Задумались оба. Вдруг после нескольких минут молчания женщина воскликнула:
— Герш, я уже знаю! Эта рукопись там.
Муж поднял голову. Женщина вытянутым пальцем указывала на большой стеклянный шкаф, стоявший в углу комнаты и сверху донизу наполненный большими книгами в серых запыленных переплетах.
— Там? — спросил Герш колеблющимся тоном.
— Там! — решительно повторила женщина. — Разве ты не говорил мне, что это книги Михаила Сениора и что все Эзофовичи сохраняют их здесь в память о нем, но что их никто никогда не читал, потому что таких книг Тодросы не позволяют читать!
Герш провел рукой по лбу; женщина продолжала:
— Михаил Сениор был мудрый человек, и перед глазами его стояло будущее. Он знал, что этих книг никто не будет читать и что только тот, кто захочет их читать, будет тем правнуком, который дождется иных времен и найдет его рукопись!
— Фрейда! Фрейда! — воскликнул Герш, — ты умная женщина!
Под белоснежной повязкой черные глаза женщины скромно опустились к земле.
— Герш! Я пойду посмотреть на детей наших и убаюкаю младшего, ведь он плачет. Раздам работу слугам и велю потушить очаг, потом приду сюда — помогать тебе в твоей работе.
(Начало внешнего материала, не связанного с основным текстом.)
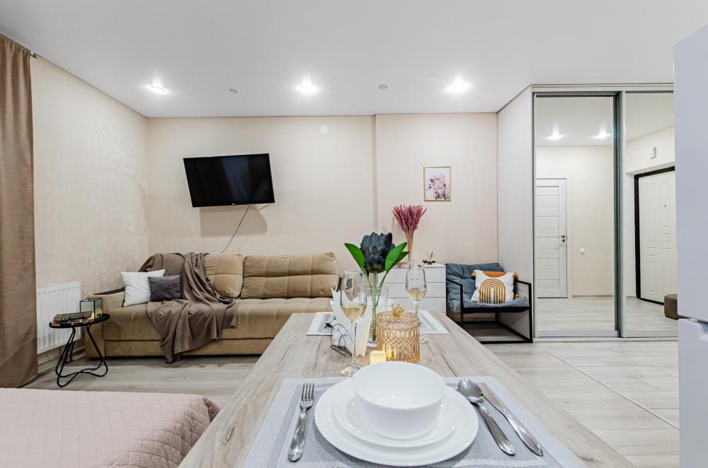 Уютная квартира нaходитcя в ЖК «Сказочный лес»♥️ *Уважаемые гости! Пожалуйста, прочитайте условия проживания, прежде чем оформить бронирование!* Актуальные цены и свободные даты вы найдете в календаре бронирования. Стоимость проживания указана для 2-х гостей. Отдых в столице Республики Татарстан обязательно должен быть комфортным, поэтому предлагаем для бронирования чистую и светлую квартиру с шикарным видом из окна на 15 этаже нового ЖК!❤️ Недалеко находится: РКБ, Термальный комплекс «Пляж», Kazan Expo, ТД Порт, Академия тенниса, -Аэропорт в 15 минутах - До центра 10-15 минут -ДРКБ в 5 минутах О квартире: ⁃ 4 спальных места (двуспальная кровать 160/200 и удобный диван 160/200) - скоростной интернет (wi-fi), кабельное TV - вся необходимая техника и посуда (стиральная машинка,телевизор,электрическая плита,духовой шкаф,микроволновка, холодильник, чайник, утюг, фен) ⁃ предметы личной гигиены для каждого гостя: три разноразмерных полотенца, гель для душа, шампунь.. ⁃ посуда: сковородка, кастрюля (3 литра), чашки, бокалы для вина, стаканы, тарелки, столовые приборы, штопор и прочие нужные кухонные предметы. Наши правила: ⁃ Заезд с 14 / выезд до 12 *ранний заезд и поздний выезд возможны - обговаривается отдельно ⁃ Мы просим вас внести залог в размере 2000 рублей. Залог возвращается в полном объёме после выезда и уборки апартаментов, при сохранности имущества и соблюдении правил проживания. ⁃ В квартире ЗАПРЕЩЕНО: курение (сигарет/кальяна), любые шумные мероприятия и вечеринки. - В случае жалоб от соседей или правоохранительных органов - выселение без возврата депозита. ⁃ Заселение возможно только по паспорту и с заключением цифрового договора. Если у вас остались вопросы, мы с радостью на них ответим! Будем рады видеть вас среди гостей прекрасного города Казани!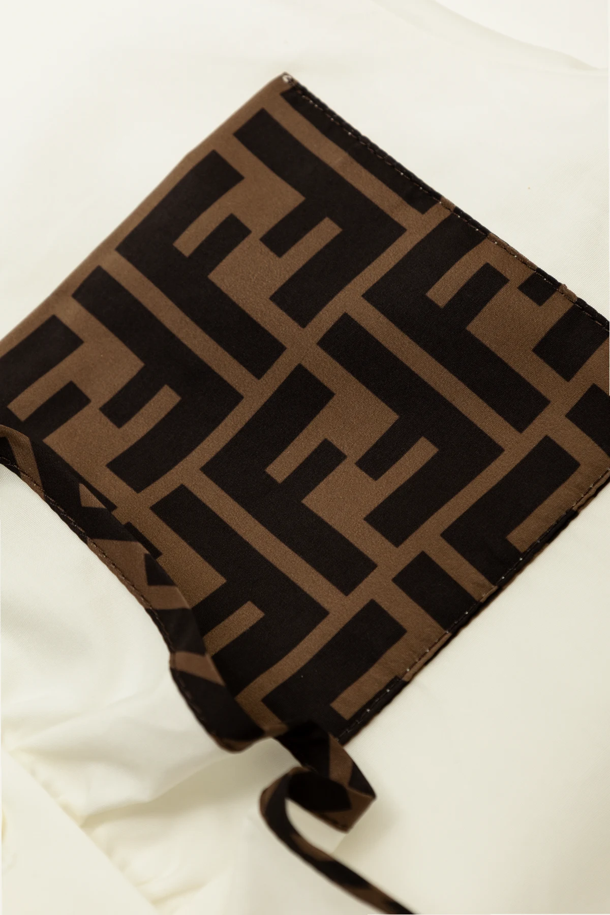 Details wie die mit einem dunkelbraunen Muster verzierte Rüsche oder die geometrischen Formen auf der Applikation am Ausschnitt unterstreichen die Einzigartigkeit des Modells und machen es zur idealen Wahl für Personen, die Wert auf Originalität und höchste Verarbeitungsqualität legen.

— Приходи! — сказал Герш, а когда женщина уходила в комнату, из которой доносились голоса детей и слуг, он посмотрел ей вслед и вполголоса сказал:
— Умная жена дороже золота и жемчуга. При ней сердце мужа может быть спокойно!
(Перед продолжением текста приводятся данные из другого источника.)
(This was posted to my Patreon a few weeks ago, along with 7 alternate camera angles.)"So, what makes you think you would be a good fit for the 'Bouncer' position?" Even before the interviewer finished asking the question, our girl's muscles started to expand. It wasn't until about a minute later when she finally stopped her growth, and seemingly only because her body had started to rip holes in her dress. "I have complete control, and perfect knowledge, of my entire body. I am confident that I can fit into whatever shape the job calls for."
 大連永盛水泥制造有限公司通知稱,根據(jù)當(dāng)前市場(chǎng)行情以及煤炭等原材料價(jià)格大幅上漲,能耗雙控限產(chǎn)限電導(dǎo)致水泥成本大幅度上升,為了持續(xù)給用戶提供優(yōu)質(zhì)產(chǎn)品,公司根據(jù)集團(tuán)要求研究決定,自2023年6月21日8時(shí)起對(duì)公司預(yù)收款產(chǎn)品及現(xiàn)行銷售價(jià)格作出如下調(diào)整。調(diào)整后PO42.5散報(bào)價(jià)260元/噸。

Через минуту она вернулась, задвинула засов у дверей и тихонько спросила мужа:
— А где ключ?
Герш нашел ключ от прадедовского шкафа, отворил его, и они оба начали снимать с полок большие книги. Потом клали их на землю, наклонялись над ними и, не спеша, с напряженным вниманием перелистывали одну за другой пожелтевшие от времени страницы. Пыль тучами подымалась от груды бумаг, до которых целые столетия не прикасалась ничья рука, садилась на белоснежную повязку Фрейды и серым слоем осыпала золотистые волосы Герша. Но они работали неутомимо и с таким торжественным выражением на лицах, что могло показаться, будто они раскапывают гроб прадеда, чтобы достать из него зарытые вместе с ним великие мысли его.
День уже клонился к вечеру, когда, наконец, из груди Герша вырвался крик, подобный тому, каким люди встречают счастье и победу. Фрейда ничего не сказала, только встала с земли и движением, полным благодарности, высоко над головою вытянула сплетенные руки.
Потом Герш долго и усердно молился у окна, из которого виднелись первые вечерние звезды. Потом всю ночь в этом окне не угасал свет, а за столом, подперев обеими руками голову, Герш вчитывался в какие-то желтые большие открытые перед ним листы. На рассвете, едва восточный край неба начал пламенеть розовыми красками, он вышел из своего дома; в дорожном плаще, в большой дорожной шапке, сел в повозку, устланную соломой, и уехал. Уезжая, он был в такой глубокой задумчивости, что не попрощался даже ни с детьми своими, ни со слугами, толпившимися в сенях дома. А только кивнул головой Фрейде, которая стояла на крыльце в покрасневшей от света утренней зари белой повязке на голове и черными глазами, полными грусти, а равно и гордости, долго смотрела вслед уезжавшему мужу.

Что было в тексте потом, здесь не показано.